Method
======
Here the considerations taken in combining the datasets and defining the test are outlined
.. include:: toolchain.rst
Strategy
--------
The current approach considers BSM models in the light of
existing measurements which have already been shown to agree with SM
expectations. Thus this is inherently an exercise in limit-setting
rather than discovery. The assumption is that a generic,
measurement-based approach such as this will not be competitive in terms
of sensitivity, or speed of discovery, with a dedicated search for a
specific BSM final-state signature. However, it will have the advantage
of breadth of coverage, and will make a valuable contribution to physics
at the energy frontier whether or not new signatures are discovered at
the LHC.
In the case of a new discovery, many models will be put forward
to explain the data (as was seen for example :cite:`PhysRevLett.116.150001` after the 750 GeV
diphoton anomaly reported by ATLAS and CMS at the end of 2015 and start
of 2016 :cite:`ATLAS-CONF-2016-018,CMS-PAS-EXO-16-018`).
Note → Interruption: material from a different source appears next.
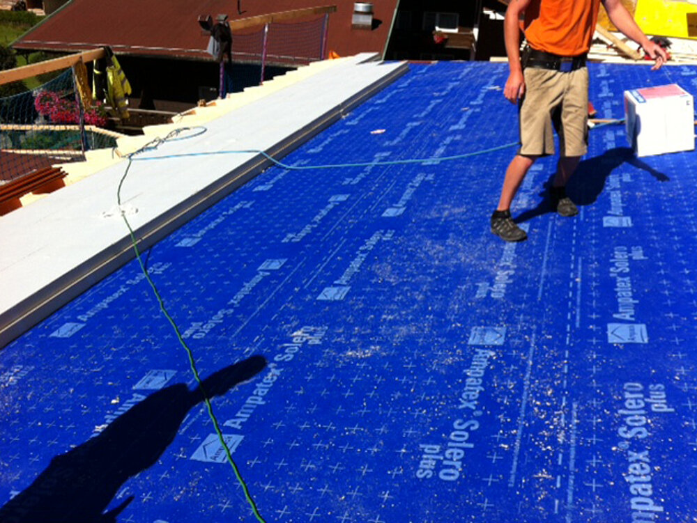 • Dreilagige Dampfbremse, Luftdichtung und Schalungsbahn

Checking these models for consistency with existing measurements will be
vital for unravelling whatever the data might be telling us.
Models designed to explain one signature
may have somewhat unexpected consequences in different final states,
some of which have already been precisely measured.
If it should turn out that no BSM signatures are in the end confirmed at the LHC, Contur offers
potentially the broadest and most generic constraint on new physics,
and motivates the precise model-independent measurements
over a wide range of final states, giving the best chance of an indirect
pointer to the eventual scale of new physics.
Dynamical data selection
------------------------
We define a procedure to combine exclusion limits from different
measured distributions. The data used for comparison in come in the form
of histograms (or 2D scatter plots), some of which carry information about the correlations
between systematic uncertainties.
There are also overlaps between event samples used in many different measurements,
which lead to non-trivial correlations in the statistical uncertainties.
To avoid spuriously high exclusion rates due to
multiply-counting what might be the same exclusion against several
datasets, we take the following approach:
#. Divide the measurements into groups that have no overlap in the event
samples used, and hence no statistical correlation between them.
These measurements are grouped by, crudely, different final states,
different experiments, and different beam energies (referred to as *pools*, see :doc:`data listing <../datasets/data-list>`).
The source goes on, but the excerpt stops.